### TO DO:
Retype all of the listing exactly, with no pictures.

### INPUT DATA:
━━━━━━━━━━━━━━━━

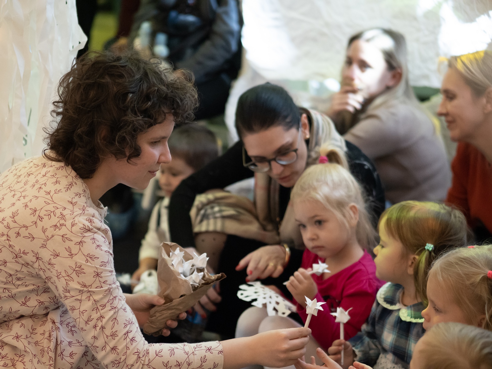 Для деток первый снег, первый дождь или первый листопад – настоящее чудо, а потому они очень внимательно наблюдают за происходящим и работой артисток. Формат спектакля – это бумажное волшебство – придумал режиссер Александр Хромов, который пришел к идее постановки, играя со своим ребенком. Из бумаги можно сотворить все что угодно: и корку на снегу, и морских медуз. Последние, к слову, такие большие и прекрасные, что располагают к тактильности, и малышам всегда позволяют поиграть внутри декорации после показа.
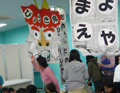 鬼は~そと!福は~うち!悪い鬼を追い払おう。 「今年一年みんなが健康でありますように・・・」 みんなの健康を願って体験館スタッフが福を配ります。 みんな袋を持って体験館に集れ!
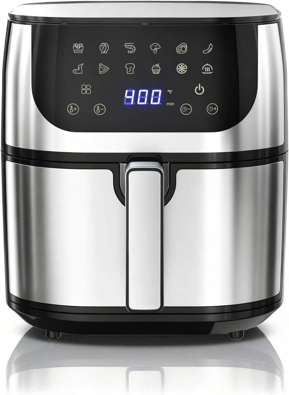 Large Capacity: Cook large meals with ease using the 7.9 QT air fryer. Perfect for family-sized portions or entertaining guests, its generous capacity ensures you can prepare multiple servings without having to cook in batches
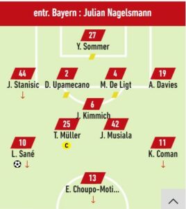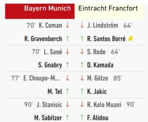 Pourtant en supériorité numérique au départ de l’action, le Bayern concède un contre fulgurant et bien négocié. Kolo Muani dépose Upamecano et croise parfaitement sa frappe pour tromper Sommer. à la 69è.

━━━━━━━━━━━━━━━━

### RESULT FOR THIS EXERCISE:
 Для деток первый снег, первый дождь или первый листопад – настоящее чудо, а потому они очень внимательно наблюдают за происходящим и работой артисток. Формат спектакля – это бумажное волшебство – придумал режиссер Александр Хромов, который пришел к идее постановки, играя со своим ребенком. Из бумаги можно сотворить все что угодно: и корку на снегу, и морских медуз. Последние, к слову, такие большие и прекрасные, что располагают к тактильности, и малышам всегда позволяют поиграть внутри декорации после показа.
 鬼は~そと!福は~うち!悪い鬼を追い払おう。 「今年一年みんなが健康でありますように・・・」 みんなの健康を願って体験館スタッフが福を配ります。 みんな袋を持って体験館に集れ!
 Large Capacity: Cook large meals with ease using the 7.9 QT air fryer. Perfect for family-sized portions or entertaining guests, its generous capacity ensures you can prepare multiple servings without having to cook in batches
 Pourtant en supériorité numérique au départ de l’action, le Bayern concède un contre fulgurant et bien négocié. Kolo Muani dépose Upamecano et croise parfaitement sa frappe pour tromper Sommer. à la 69è.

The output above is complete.